When you first open *THAT* spreadsheet…..

It’s not unusual as a practitioner to be in the position where you get landed an Excel sheet or a number of them often organised in unusually formatted tables with little recognisable structure. This may be due to you taking over a pre-existing project or perhaps helping an external organisation with some work. While a single sheet formatted like that can be managed easily with some copy and paste, as the number of sheets build this becomes a very inefficient and frustrating approach. Thankfully, some kind souls have helped vastly improve this process with a number of helpful packages available.

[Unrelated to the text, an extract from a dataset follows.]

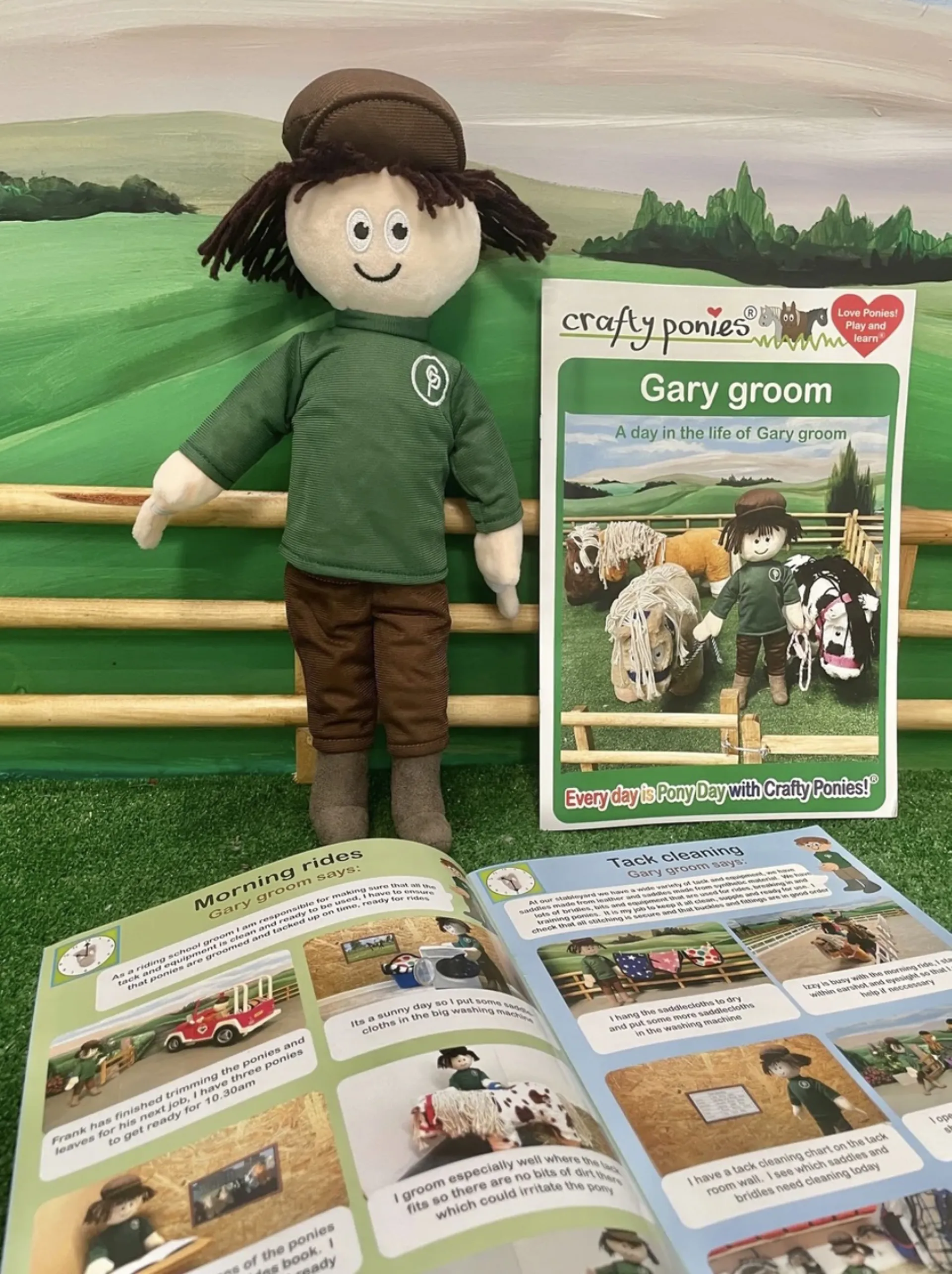 Gary groom is an important member of the Crafty Ponies family. Gary groom is a soft toy doll suitable for children of all ages, he comes with a fully illustrated A4 booklet taking children through a day in his life as a riding school groom.

We have two packages that will do the majority of the work for us:

  • unpivotr
    • Deals with messy tables, formatting, multi-headed tables etc.
  • tidyxl
    • Useful package in general for .xlsx based data
    • Particularly the xlsx_cells() function which reads the excel sheet in cell by cell. The resulting dataframe has a row per sheet cell with a number of variables about the cells

Plus, thankfully, both can be implemented with the tidyverse group of packages.

Messy Excel Sheet Samples

There are a couple of ways in which an excel sheet can be difficult to deal with:

  • Multiple Headers/Tables
  • Summary Values
  • Merged cells
  • Empty cells in needless places

Strategies for Dealing With a Messy Excel Sheet

Depending on the format of the excel sheet or sheets you are looking to work on here, how you can tidy it and create a set of data to use in R or elsewhere will differ. However there are a number of general steps that can be taken.

‘for’ loops

‘for’ loops allow you to repeat a sequence of instructions when certain conditions are met. This may be for unique values in a vector or variable, items present within a list or in our situation, read a number of Excel files together or a number of sheets present within an Excel spreadsheet. To do so there are a small number of steps which we will initially cover separately and then at the end show how they can combined through nested for loops.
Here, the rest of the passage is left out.